新エネルギー・産業技術総合開発機構(NEDO)と北海道大学の研究グループは29日、レアアース(希土類)を使わない新構造のハイブリッド車(HV)向け磁石モーターの開発に成功したと発表した。モーター内で強い電磁力を発生させ、それを逃がさない構造にして高出力を実現した。国内メーカーから打診があれば協力して実用化を目指す。
尖閣事件を契機に中国からの輸出が停滞し、レアアースの調達問題がクローズアップされる中、注目を集めそうだ。電気自動車(EV)にも応用可能で、次世代エコカーの開発競争で日本の新たな“武器”となる可能性もある。
HVやEVのモーターは、レアアースを使うことで高出力を実現している。レアアースを使わない高出力モーターはこれまでにもあるが、新開発のモーターは、回転が滑らかなうえ軽量で小さく、車両への搭載に適しているという。
モーターの回転部分を円盤状にするなど独自の構造で、強い電磁力を外に逃がさず、動力として活用することに成功。トヨタ自動車のHV「プリウス」などに使われているモーターと同じ50キロワットの出力を実現した。モーターのサイズも同等という。
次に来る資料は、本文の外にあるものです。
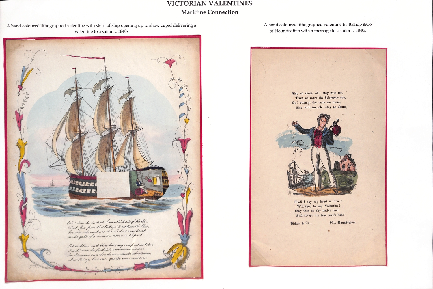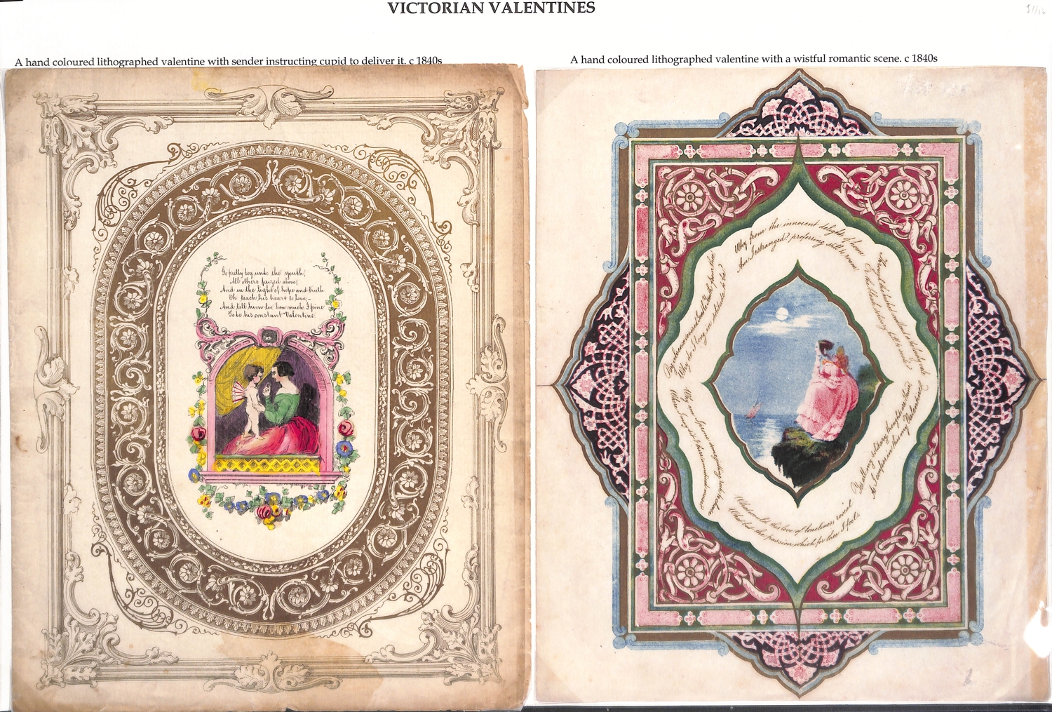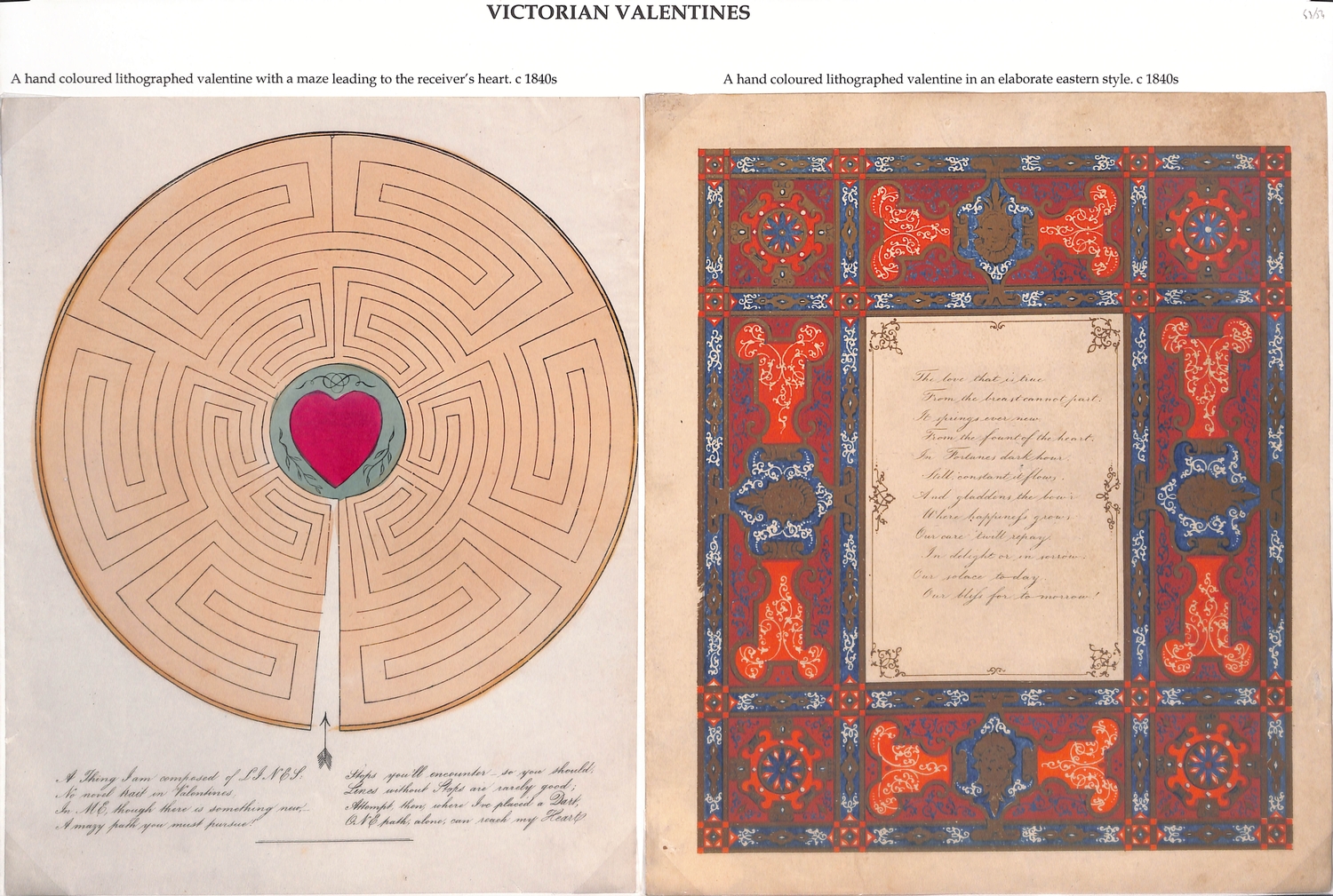 c.1840-60 Printed lithographic valentine lettersheets with attractive borders containing a verse or romantic scene, a sailor, a ship with stern opening to reveal cupid delivering a valentine to a sailor, or a heart within a maze, all handcoloured, an attractive group. (6).

現在のHV用モーターは、コストの3~4割をレアアースが占めており、コストを大幅に減らせることも可能としている。会見した北大の竹本真紹準教授は「必要な出力に応じた設計をすれば、EVにも応用できる」と指摘。NEDOの弓取修二・蓄電技術開発室長は「民間企業と連携し、技術を大きく発展させてほしい。必要ならコーディネートをする」と話した。